_WHAT YOU HAVE TO DO_. Return all of the following entries as written, but without the images.

Excerpts from a dataset
Start of Block
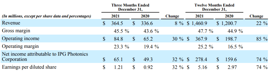 當?shù)貢r間2月17日,nLIGHT公布了2021年第四季度和全年的財務業(yè)績。2021年全年收入實現(xiàn)了2.701億美元,同比增長21.3%(2020年全年收入 2.228 億美元), GAAP全年凈利潤為1070萬美元,凈虧損2967千萬,全年毛利率為 28.6%。其中,精細微加工領域的收入增長36%,工業(yè)領域收入增長12%(非中國市場的工業(yè)市場收入增長66%,中國的工業(yè)市場收入下降33%),航空航天及國防領域的收入增長21%。
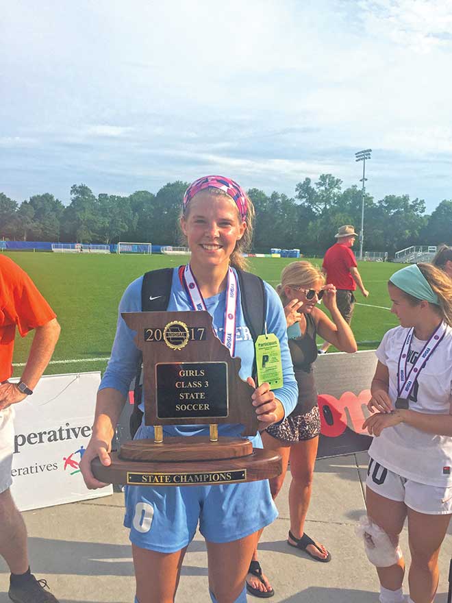 Despite a 24-1 record, Webster Groves was the distinct underdog when it took on top-ranked Notre Dame de Sion in the Class 3 championship game June 3 in Kansas City. But Webster had goals from freshman Izzy Heintz and sophomore Gretchen Skoglund, and the Stateswomen held on for a 2-1 victory. It was an interesting road to the state championship. Webster needed two overtimes to defeat Visitation in the sectional round and penalty kicks to beat Fort Zumwalt South in the semifinals. Sandwiched between those nail-biters was a 5-0 victory over Cape Central in the quarterfinals.
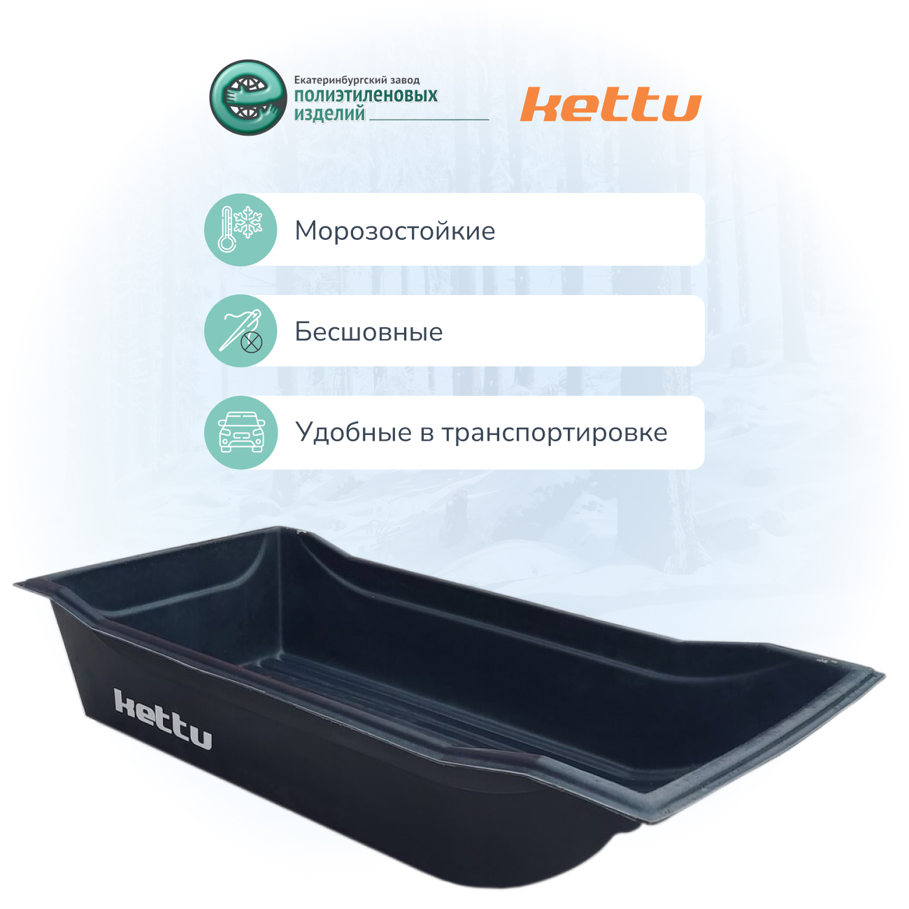 Сани-волокуши Kettu обладают отличной морозоустойчивостью. Материал не теряет прочность при температурах до -52°С! При крайней необходимости, продукцию можно эксплуатировать и в более суровых условиях, однако отношение к саням при этом должно быть максимально бережным.
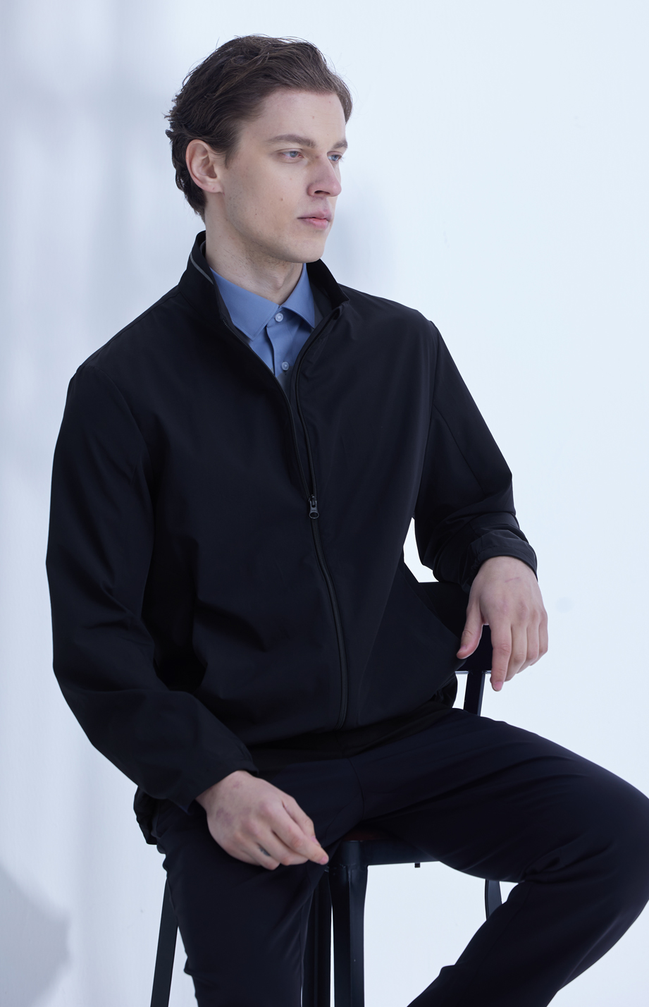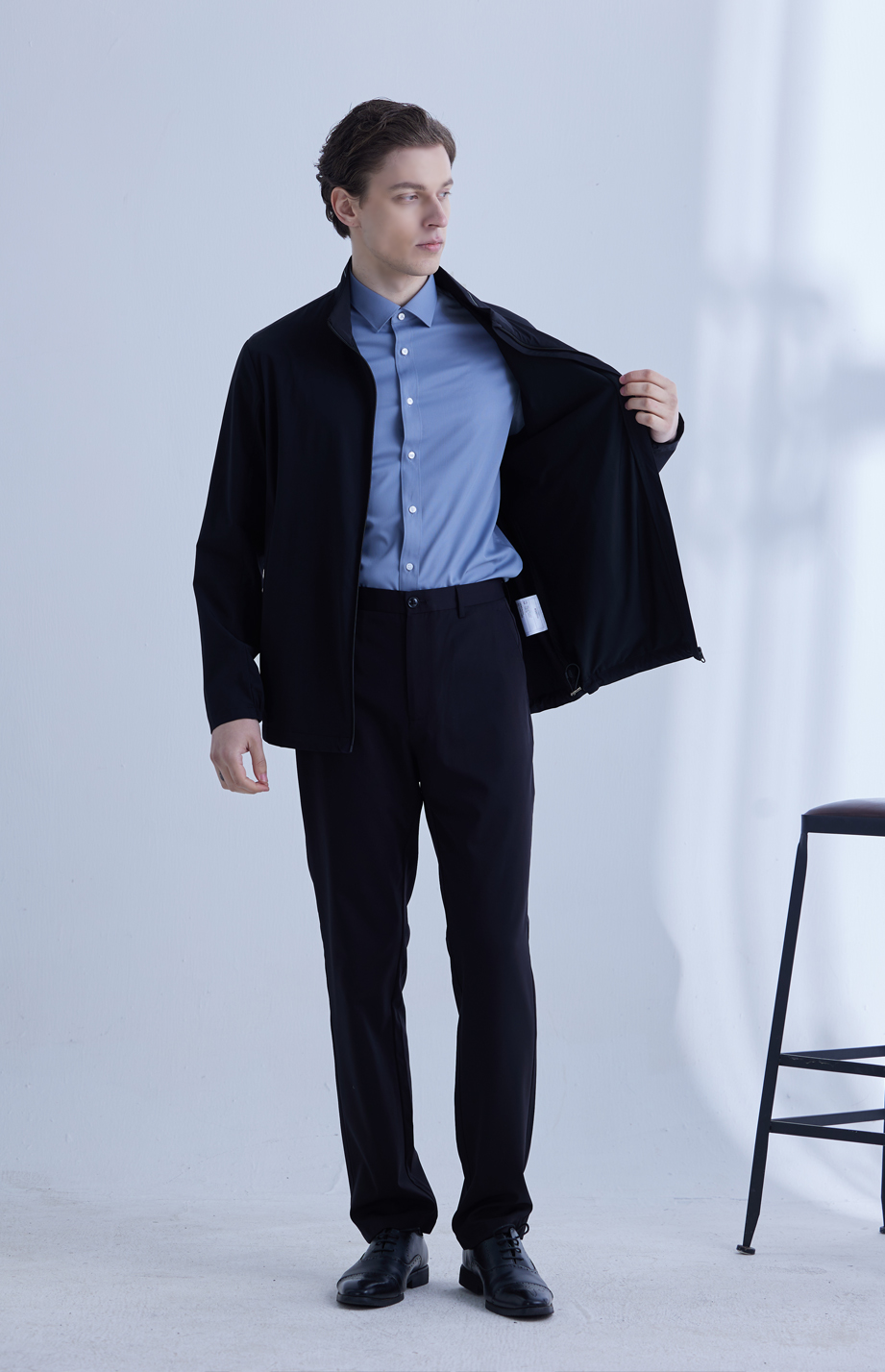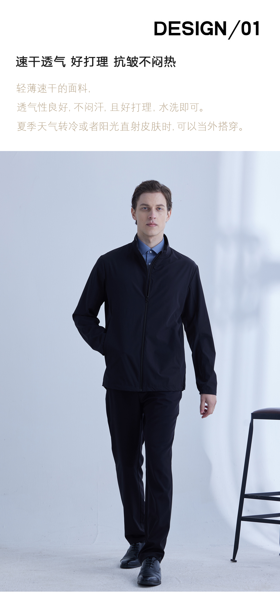 藏蓝色锦纶混纺四面弹速干轻便商务休闲茄克 |
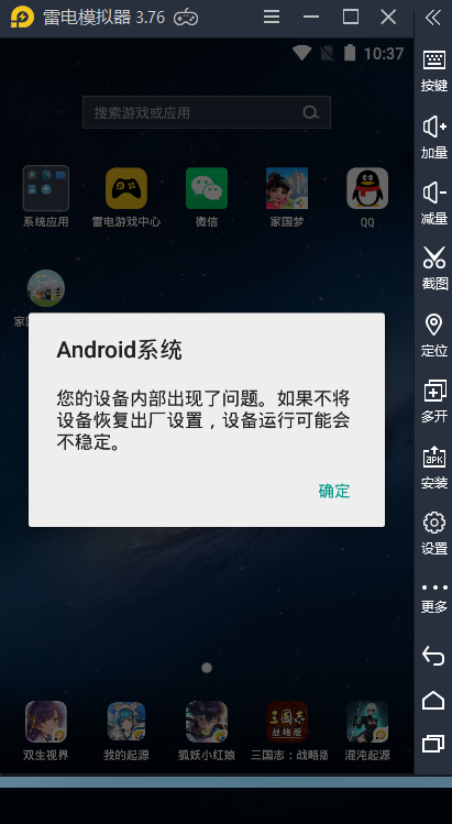 之前都能正常使用,这两天不知道为什么一登录模拟器就这个样子,打开QQ也登陆不了,总是转圈
End of Block
_OUTPUT_.
 當?shù)貢r間2月17日,nLIGHT公布了2021年第四季度和全年的財務業(yè)績。2021年全年收入實現(xiàn)了2.701億美元,同比增長21.3%(2020年全年收入 2.228 億美元), GAAP全年凈利潤為1070萬美元,凈虧損2967千萬,全年毛利率為 28.6%。其中,精細微加工領域的收入增長36%,工業(yè)領域收入增長12%(非中國市場的工業(yè)市場收入增長66%,中國的工業(yè)市場收入下降33%),航空航天及國防領域的收入增長21%。
 Despite a 24-1 record, Webster Groves was the distinct underdog when it took on top-ranked Notre Dame de Sion in the Class 3 championship game June 3 in Kansas City. But Webster had goals from freshman Izzy Heintz and sophomore Gretchen Skoglund, and the Stateswomen held on for a 2-1 victory. It was an interesting road to the state championship. Webster needed two overtimes to defeat Visitation in the sectional round and penalty kicks to beat Fort Zumwalt South in the semifinals. Sandwiched between those nail-biters was a 5-0 victory over Cape Central in the quarterfinals.
 Сани-волокуши Kettu обладают отличной морозоустойчивостью. Материал не теряет прочность при температурах до -52°С! При крайней необходимости, продукцию можно эксплуатировать и в более суровых условиях, однако отношение к саням при этом должно быть максимально бережным.
 藏蓝色锦纶混纺四面弹速干轻便商务休闲茄克 |
 之前都能正常使用,这两天不知道为什么一登录模拟器就这个样子,打开QQ也登陆不了,总是转圈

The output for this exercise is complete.